Truly the kiss that is common both to him who kisses and to him who is kissed. Hence the bride is satisfied to receive the kiss of the Bridegroom, though she be not kissed with his mouth. For her it is no mean or contemptible thing to be kissed by the kiss, because it is nothing less than the gift of the Holy Spirit. If, as is properly understood, the Father is he who kisses, the Son he who is kissed, then it cannot be wrong to see in the kiss the Holy Spirit, for he is the imperturbable peace of the Father and the Son, their unshakable bond, their undivided love, their indivisible unity.Footnote 69

Bernard explains that the bride-soul cannot be kissed directly by the mouth of God the Father, because this kiss is solely accessible by the Son. The kiss, which is the expression of the unity between Father and Son, is the Holy Spirit. The description of the Holy Spirit as “the imperturbable peace of the Father and the Son, their unshakable bond, their undivided love, their indivisible unity” seems to be very close to Zohar’s “companionship, cleaving, wholeness of all” designating the four spirits which are identical with the four letters of the word “love”: “imperturbabilis pax” could easily correspond to שלימו דכלא, with regard to the interchangeability of שלום and שלמות in mystical texts; “gluten firmum” seems to correspond to חברותא foregrounding the meaning of joining; “individuus amor” parallels the “one love” to which the spirits in the Zoharic homily unite, “indivisibilis unitas” the clinging union דבקותא.

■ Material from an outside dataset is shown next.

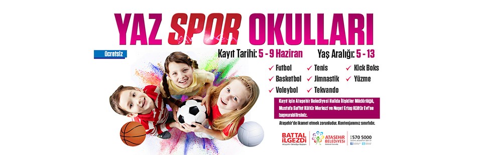 5-13 yaş arasında çocukların katılacağı Yaz Spor Okullarına kayıtlar Ataşehir Belediyesi Halkla İlişkiler Müdürlüğü, Mustafa Saffet Kültür Merkezi ve Neşet Ertaş Kültür Evi’nde yapılacak.

The affinity between the Zoharic imagery of the kiss and an ensemble of aspects in Bernard’s exegesis of the opening verse of the Song of Songs is so great that it is reasonable to assume the influence of this Christian source on the Zoharic text, even though the particular conduit of Bernard’s sermons cannot be demonstrated. The Zoharic statement that the cleaving to the King is to be accomplished through the Son seems to echo the Christian idea and terminology, all the more so when we find this concept at the very heart of Bernard’s kiss symbolism. Bernard’s identification of the kiss with the Holy Spirit is reminiscent of the link between “spirit” and the kiss already in earlier Kabbalistic commentaries. As we have seen, R. Ezra identifies the kiss with the bestowing of the holy spirit on the soul. Ibn Sahula renders the supreme kiss as the “emanation of the spirit from its origin.”

Conclusion

The adaptation of philosophical concepts and terminology was an essential element in the consolidation of early Kabbalistic systems and continued to take place in the following generations of Kabbalists. In order to demonstrate the formation of a specific structure of ideas and their dynamics within Kabbalistic theosophy, the Zoharic imagery of the kiss has been situated here within the context of numerous sources from which the Zohar has probably drawn its key elements.

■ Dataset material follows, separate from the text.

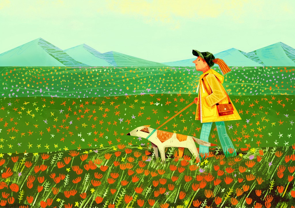 No matter how hard I try, I often end up drawing people with animals, probably because my poodle Molly is always nearby, sleeping under my desk while I draw, and she follows me everywhere!

The homily on the opening verse of the Song of Songs found in the pericope Terumah can be viewed as a portrayal of the metaphysics of love. Investigating the correlation of the philosophical sources and the Zoharic text, two general aspects could be found as crucial for the formation of the Kabbalistic imagery. Basic Neoplatonic notions as the hypostatic relation which Plotinus and Proclus conceptualize as eros, and the principle of κοινωνία, have been transmitted to the Jewish tradition through Arabic translations and philosophical works. Arabic philosophical treatises, as already Plato’s dialogues, often bear demonstrations of the uniting power of eros on the material level. One of several such examples extant in Arabic sources is the description of the kiss as mingling of breaths which leads to the cleaving of human souls, as it appears inter alia in the Epistle of the Brethren of Purity. The image is employed by Moses ibn Tibbon in his allegorical interpretation of the Song of Songs’s opening kiss motif as the cleaving of the soul to the active intellect and finally applied in Moses de León’s Sod ʻEser Sefirot Belimah and in the Zoharic text to intradivine dynamics.

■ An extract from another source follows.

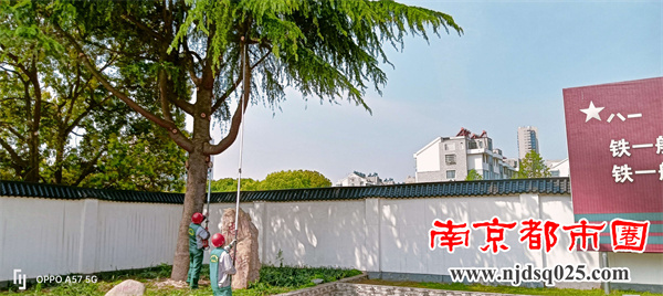 句容市城管局践行“双拥”精神为武警部队修剪树木

Aligning itself with the Neoplatonic tradition, which conceptualizes eros as the turning of the soul toward the intellect, the starting point of the Zoharic homily exhibits the metaphor of the kiss as expressing the union between Tiferet and Malkhut, thus as a hypostatic relation. The elaboration on the nature of the kiss exposes the principle of unity-in-distinction as essential for union in the spiritual realm. This Neoplatonic concept is adopted already by the early Kabbalists and also becomes one of the central notions in the Zoharic concept of union. The detailed description of the kiss is fused with the concept of κοινωνία in this Zoharic myth. In the Zoharic account, the mutual permeation of the spirits therefore goes far beyond a mere mingling. It is the condition for the realization of dynamic oneness. Both Neoplatonic notions, the hypostatic relation and κοινωνία, appear to comprise the principle of love as universal power.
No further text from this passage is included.